Кошмар начался не сразу. Более того, начался он вообще не как кошмар. А как некие странности, которые Ника далеко не сразу смогла уложить в систему. Когда уложила – сработал внутренний аналитик сам по себе, без её участия – кошмар уже перестал на мягких лапах нарезать круги вокруг неё и Стёпы. Он изготовился к прыжку. И прыгнул, сомкнув на Никиной шее влажно чавкнувшие челюсти. И все вокруг стало кошмаром.

***

Стёпа родился мёртвым. Точнее, чуть не умер во время родов, но откачали, спасибо. Правда, предупредили сразу, что возможна масса сложностей со здоровьем, но Ника махнула рукой на эти предупреждения. Главное – сыночек живой, а остальное – не важно.

В течение следующих лет она, кажется, только и делала, что снова махала этой самой рукой. На то, что ушёл муж. Не выдержав её постоянной возни с действительно не самым здоровым Стёпой. На потерю крутой и престижной работы – из отпуска по уходу за ребёнком она выходить не собиралась, а ждать её никто не стал. На то, что из центрального района и хорошей квартиры пришлось переселиться в маленькую «двушку» на окраине. Муж так хитро вывернул дело, что их квартиру пришлось делить. А у неё была оставшаяся от тётушки жилплощадь, которая несколько лет стояла пустой.

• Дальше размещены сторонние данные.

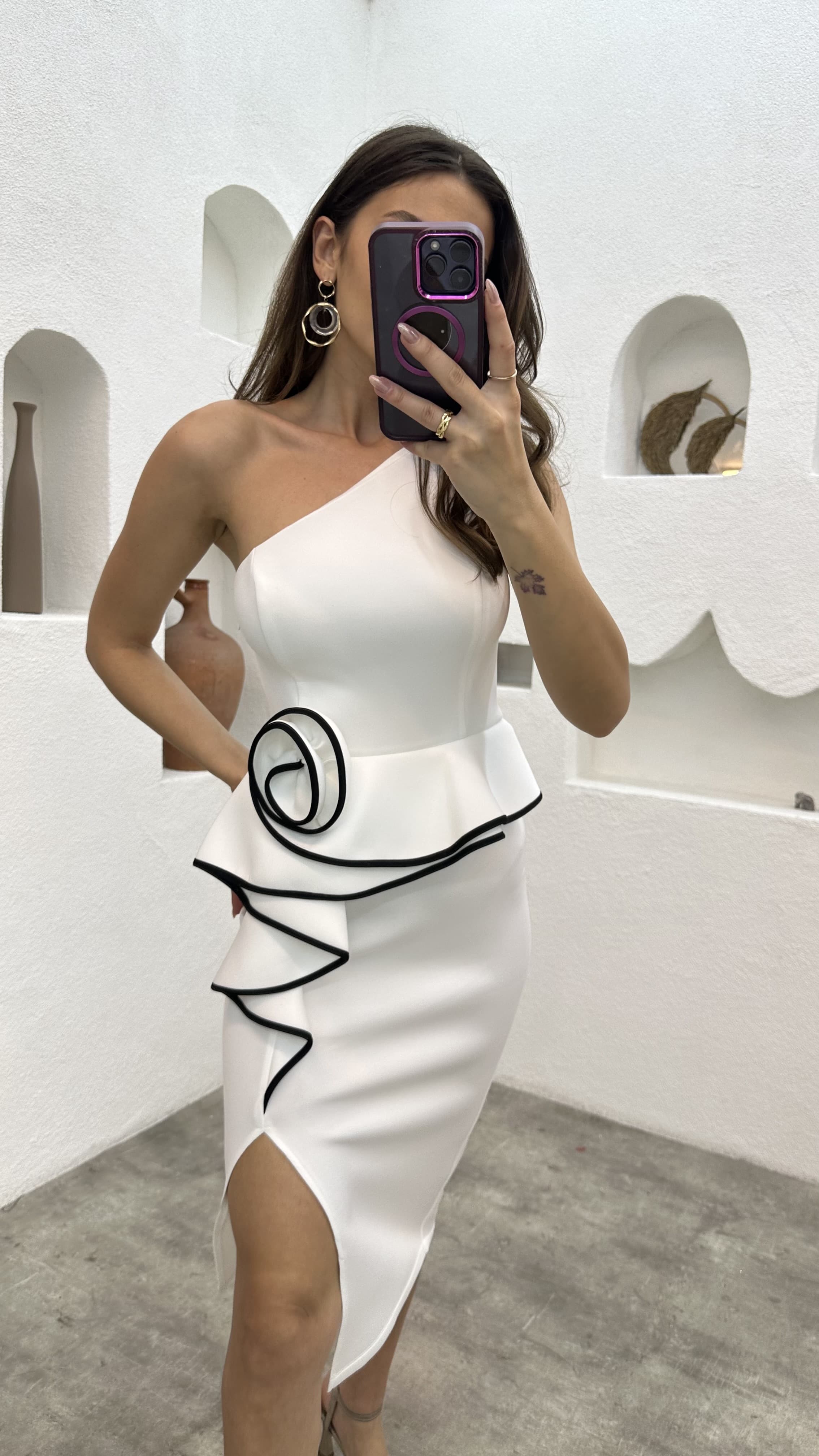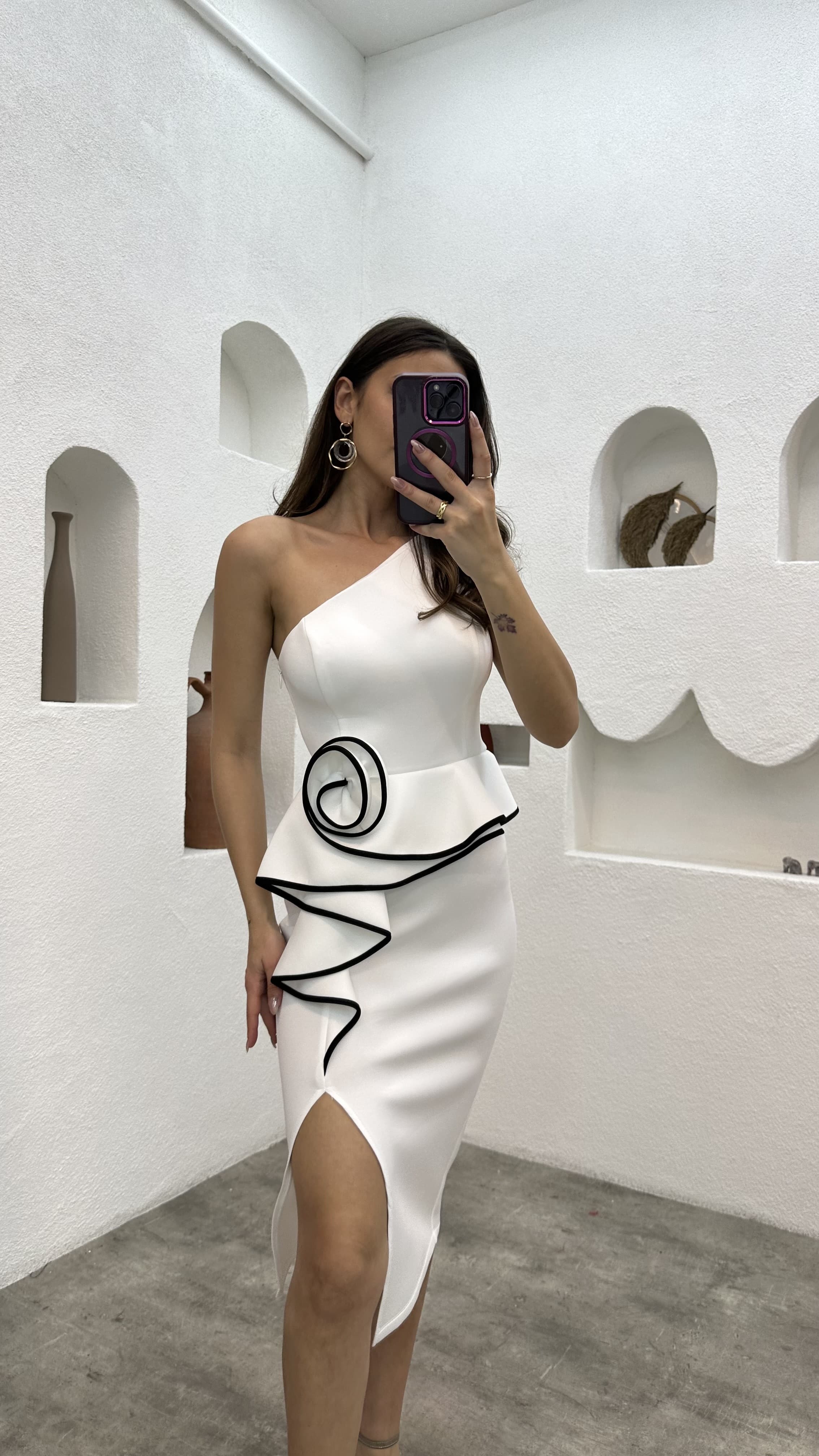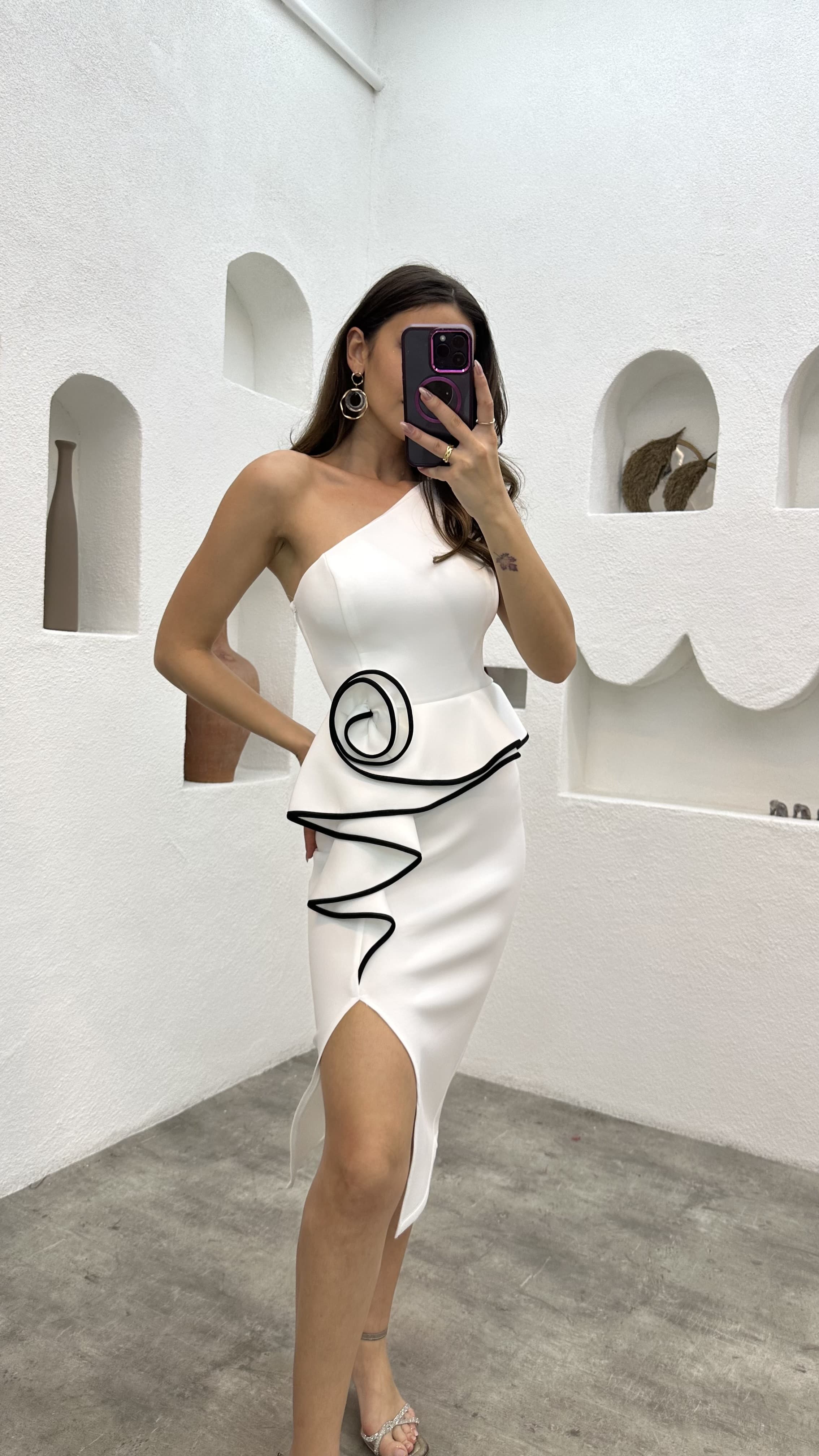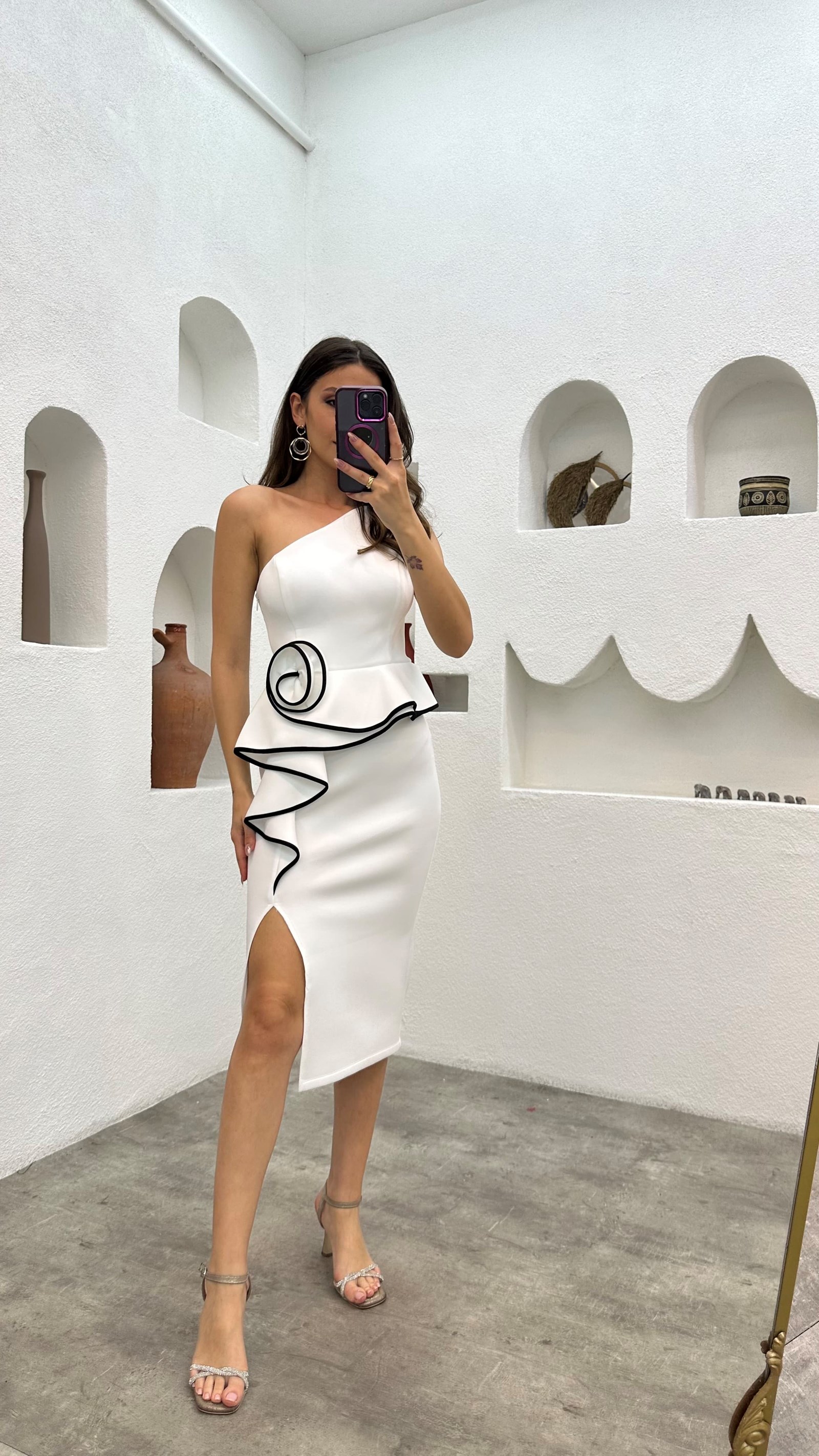Schwarzes Midi-Bleistiftkleid mit One-Shoulder-Träger

В итоге всё как-то устаканилось. В «двушке» она сделала хороший ремонт, свою долю за квартиру взяла деньгами и отложила на счёт, нашла дистанционную работу переводчика (спасибо, мама, что настояла на инязе с тремя языками). И потратила время и силы на то, чтобы бывший платил на Стёпу нормальные алименты, а не три копейки со своей официальной зарплаты.

Всё, больше махать рукой было не на что. И Ника сосредоточилась на важном – на Стёпином здоровье. Точнее, не на здоровье даже. На состоянии. Физически её сын был почти здоров. Да, немножечко бледен и анемичен, но в пределах нормы. Да, по каким-то параметрам чуть отставал. Но в целом, он и бегал, и играл, и развивался как большинство других детей. И пошёл вовремя, и заговорил. Но… Были странности – Ника назвала это так. Потому что обследования у всех возможных психиатров, неврологов, эпилептологов и прочих специалистов ничего не дали. Ментально мальчик тоже был здоров. Несмотря на… На странности. Их было три.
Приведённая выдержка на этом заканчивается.